I'm not sure if this is where to post but have any of you seen this thing?
It was build for off-roading but also for the road. I
I think it's awesome. I put in on my Christmas list.
Here's the website http://www.fordvehicles.com/f150raptor/


----------



## PiercedOne (Sep 7, 2007)

You could say I have seen it... Well Ive seen parts of it but not the whole thing at once... Pretty sweet.


----------



## wally-eye (Oct 27, 2004)

The ford dealer in Muskegon has one on the lot.....all black...kind of impressive looking........seats/leather looks kind of dorky.....can't remember the exact price but thinking it was mid 40s but I could be wrong on that.....big ol tires, 4.10 gears, from the outside looks pretty impressive..


----------



## wally-eye (Oct 27, 2004)

Just found the window sticker for the Raptor in Muskegon....pretty sweet.

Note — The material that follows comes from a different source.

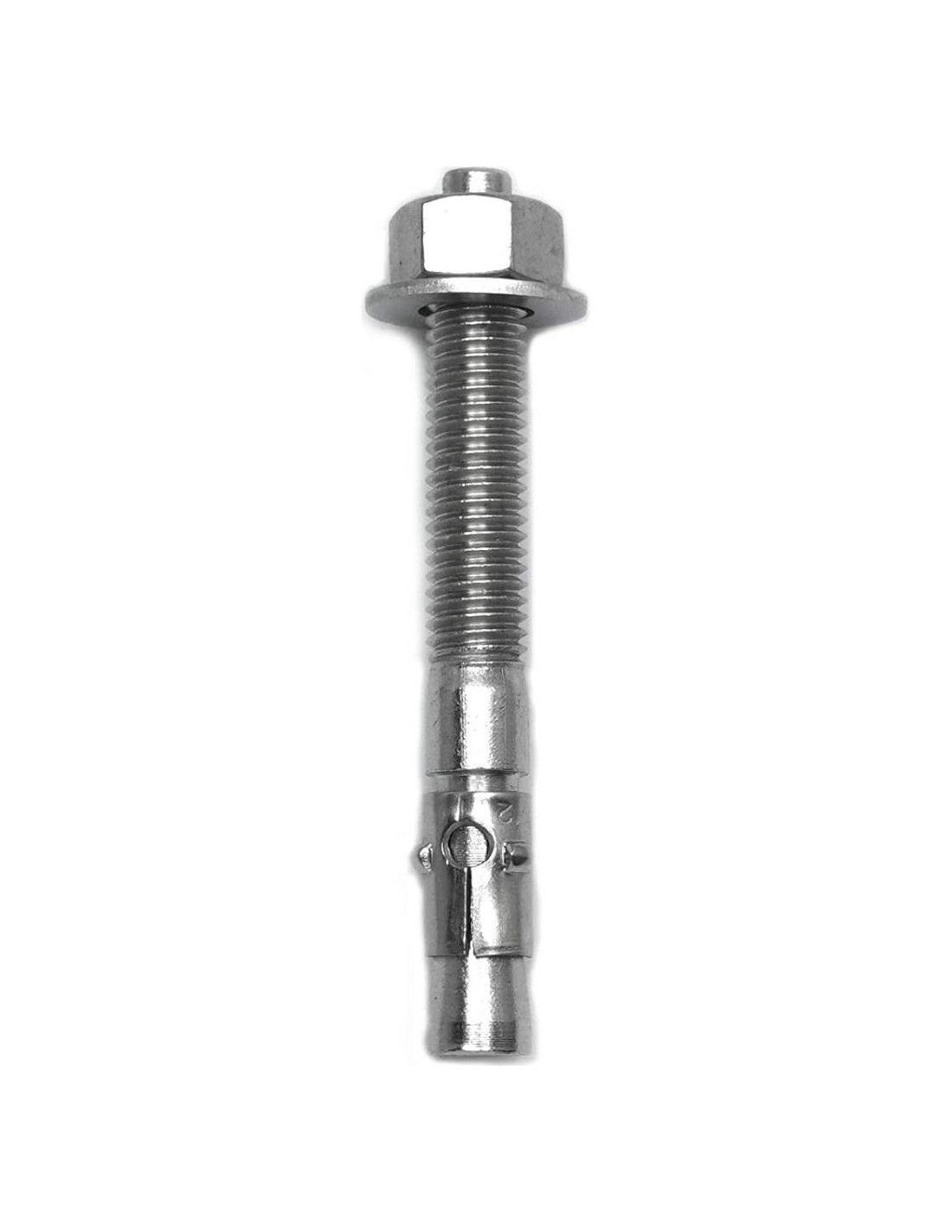Aplicaciones El ancla está hecha de acero inoxidable 304. Este ancla está diseñada para su uso en concreto solamente, y nunca debe ser utilizada en materiales base de bloque o ladrillo. Entorno El ancla está diseñada para su uso en un entorno húmedo. Diámetro del agujero / Diámetro de la broca El ancla requiere un agujero de 1/2" que debe ser perforado en el material base (concreto solamente). El agujero debe ser perforado con una broca de punta de carburo que cumpla con los estándares ANSI y utilizada en un taladro de percusión. Diámetro del ancla El diámetro del ancla es de 1/2". Longitud del ancla La longitud del ancla es de 3-3/4". Longitud de la rosca La longitud de las roscas en el ancla es de 2-1/4". Incrustación mínima La incrustación mínima del ancla en el concreto es de 2-1/4". Por lo tanto, el ancla debe ser instalada de manera que un mínimo de 2-1/4" del ancla esté incrustado en el concreto. Grosor máximo del accesorio El grosor máximo del accesorio o el grosor máximo del material que se está fijando para un ancla es de 1". Esto asegurará que se cumpla la incrustación mínima de 2-1/4". Diámetro del agujero del accesorio El agujero en el accesorio o material que se está fijando debe ser más grande que el diámetro designado del ancla. El ancla de 1/2" requiere que el agujero en el accesorio sea de 5/8". Valor de torque Para estar correctamente fijado en el concreto, el ancla debe ser ajustada a un torque entre 50 - 60 ft./lbs. Espaciado entre anclas Cada ancla debe estar espaciada a una distancia mínima de 5" entre sí cuando se mide de centro a centro. Distancia del borde Es muy importante no instalar el ancla a menos de 2-1/2" de un borde no soportado del concreto.

http://services.forddirect.fordvehi...in=1FTEX1EV5AFA74184&modelid=173&pacode=02762


----------



## jimmyv13 (Sep 26, 2008)

I've seen two of them running around here in Bloomfield Hills, a burnt orange and white. I'd put money down to say that neither of them will ever see anything worse than some gravel in the Starbucks parking lot. The '10 will have the available option of the 6.2L V8 for $3K.


----------